* [WORK ITEM] Your output should be everything below from the line containing "Farbiges Präsentationsmodell M" down to the line containing "2020年05月24日,我司", both ends included, copied exactly, with pictures left out.

** Opening EXTRACTED ENTRIES block **

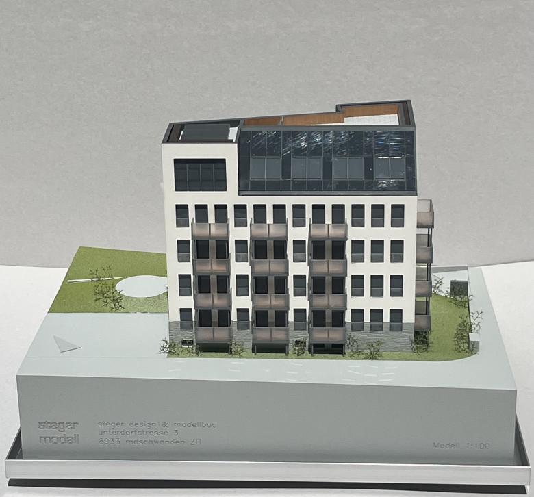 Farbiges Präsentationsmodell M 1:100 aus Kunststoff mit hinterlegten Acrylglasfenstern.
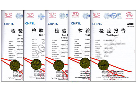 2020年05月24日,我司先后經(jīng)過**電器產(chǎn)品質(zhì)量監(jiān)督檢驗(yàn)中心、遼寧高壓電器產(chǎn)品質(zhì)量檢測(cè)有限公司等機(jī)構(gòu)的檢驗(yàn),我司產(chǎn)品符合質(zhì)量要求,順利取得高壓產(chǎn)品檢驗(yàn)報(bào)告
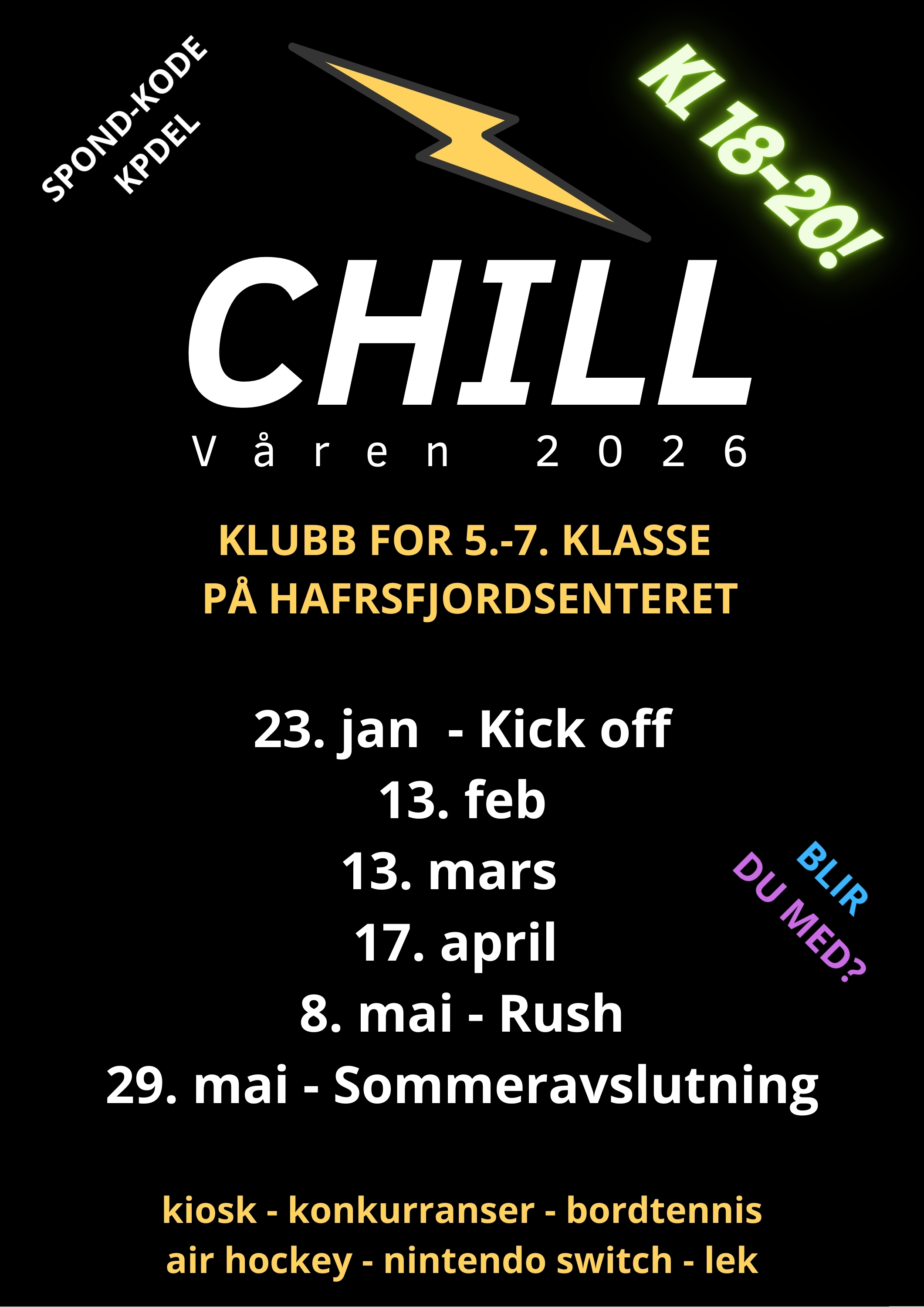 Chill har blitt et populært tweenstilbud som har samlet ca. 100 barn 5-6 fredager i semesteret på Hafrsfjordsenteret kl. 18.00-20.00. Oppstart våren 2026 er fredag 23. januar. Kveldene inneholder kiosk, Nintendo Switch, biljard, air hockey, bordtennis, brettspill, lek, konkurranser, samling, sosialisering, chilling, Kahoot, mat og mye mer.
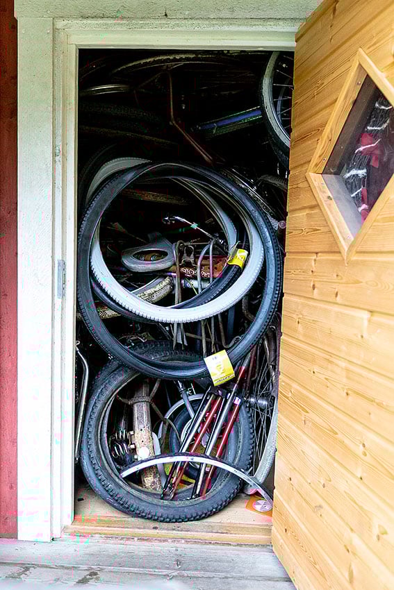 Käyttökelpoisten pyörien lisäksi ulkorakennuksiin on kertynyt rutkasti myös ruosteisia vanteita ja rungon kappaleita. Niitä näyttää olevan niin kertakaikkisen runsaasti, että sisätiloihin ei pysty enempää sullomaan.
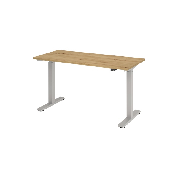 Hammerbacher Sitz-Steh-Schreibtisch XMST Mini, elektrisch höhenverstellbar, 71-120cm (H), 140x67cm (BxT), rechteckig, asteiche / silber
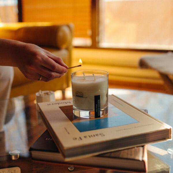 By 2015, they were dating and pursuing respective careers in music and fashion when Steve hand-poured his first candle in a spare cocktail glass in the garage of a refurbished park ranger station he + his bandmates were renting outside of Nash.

** Closing EXTRACTED ENTRIES block **
** Opening EXTRACTED ENTRIES block **

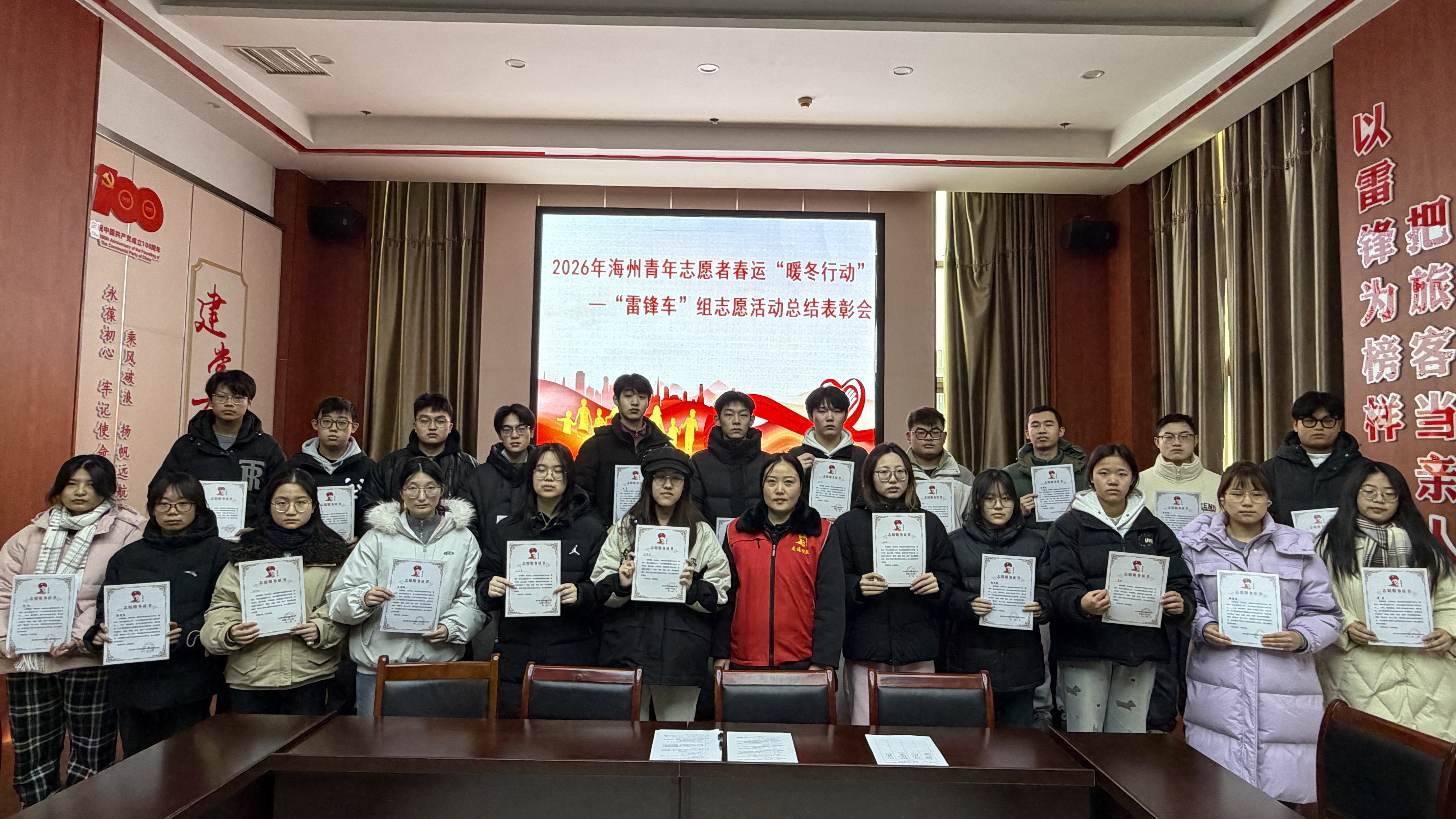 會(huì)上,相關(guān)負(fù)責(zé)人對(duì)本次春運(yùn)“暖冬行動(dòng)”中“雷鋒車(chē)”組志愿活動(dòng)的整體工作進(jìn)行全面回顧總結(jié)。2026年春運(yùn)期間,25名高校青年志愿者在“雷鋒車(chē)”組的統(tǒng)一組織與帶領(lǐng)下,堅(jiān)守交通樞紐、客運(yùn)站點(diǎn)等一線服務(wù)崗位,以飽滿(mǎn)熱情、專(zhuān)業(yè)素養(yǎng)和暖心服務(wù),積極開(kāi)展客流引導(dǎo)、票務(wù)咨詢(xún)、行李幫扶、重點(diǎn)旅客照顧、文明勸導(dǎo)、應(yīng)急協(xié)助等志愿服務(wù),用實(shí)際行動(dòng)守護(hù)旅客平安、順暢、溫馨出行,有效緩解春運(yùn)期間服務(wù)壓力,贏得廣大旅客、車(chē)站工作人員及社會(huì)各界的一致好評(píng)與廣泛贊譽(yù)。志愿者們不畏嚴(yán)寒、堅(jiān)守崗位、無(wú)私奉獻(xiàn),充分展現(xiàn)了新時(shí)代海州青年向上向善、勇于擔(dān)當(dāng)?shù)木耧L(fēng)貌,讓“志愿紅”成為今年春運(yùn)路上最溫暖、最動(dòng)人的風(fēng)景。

** Closing EXTRACTED ENTRIES block **
** Opening EXTRACTED ENTRIES block **

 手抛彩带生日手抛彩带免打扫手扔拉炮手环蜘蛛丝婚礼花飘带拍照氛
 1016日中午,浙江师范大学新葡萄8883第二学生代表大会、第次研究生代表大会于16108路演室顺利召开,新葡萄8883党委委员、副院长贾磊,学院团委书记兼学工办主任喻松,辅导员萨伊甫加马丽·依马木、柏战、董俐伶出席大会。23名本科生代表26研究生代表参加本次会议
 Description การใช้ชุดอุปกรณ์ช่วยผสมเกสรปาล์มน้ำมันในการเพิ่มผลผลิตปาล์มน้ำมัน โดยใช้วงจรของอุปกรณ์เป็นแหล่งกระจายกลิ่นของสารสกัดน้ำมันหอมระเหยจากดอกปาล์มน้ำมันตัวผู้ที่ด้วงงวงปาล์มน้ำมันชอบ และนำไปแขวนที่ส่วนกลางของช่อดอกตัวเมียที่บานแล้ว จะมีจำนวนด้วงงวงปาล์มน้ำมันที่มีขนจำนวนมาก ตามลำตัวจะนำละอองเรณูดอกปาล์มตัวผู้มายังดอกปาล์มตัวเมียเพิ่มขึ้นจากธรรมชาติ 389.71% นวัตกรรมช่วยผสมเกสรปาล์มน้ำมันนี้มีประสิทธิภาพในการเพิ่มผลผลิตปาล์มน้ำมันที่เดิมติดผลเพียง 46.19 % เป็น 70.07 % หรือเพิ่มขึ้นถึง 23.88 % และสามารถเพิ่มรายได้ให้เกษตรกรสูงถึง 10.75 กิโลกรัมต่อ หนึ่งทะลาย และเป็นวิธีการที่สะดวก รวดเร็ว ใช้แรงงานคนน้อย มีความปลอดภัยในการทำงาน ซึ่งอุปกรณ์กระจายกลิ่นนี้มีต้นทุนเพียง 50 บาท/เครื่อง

** Closing EXTRACTED ENTRIES block **

* [TASK OUTPUT]
 Farbiges Präsentationsmodell M 1:100 aus Kunststoff mit hinterlegten Acrylglasfenstern.
 2020年05月24日,我司先后經(jīng)過**電器產(chǎn)品質(zhì)量監(jiān)督檢驗(yàn)中心、遼寧高壓電器產(chǎn)品質(zhì)量檢測(cè)有限公司等機(jī)構(gòu)的檢驗(yàn),我司產(chǎn)品符合質(zhì)量要求,順利取得高壓產(chǎn)品檢驗(yàn)報(bào)告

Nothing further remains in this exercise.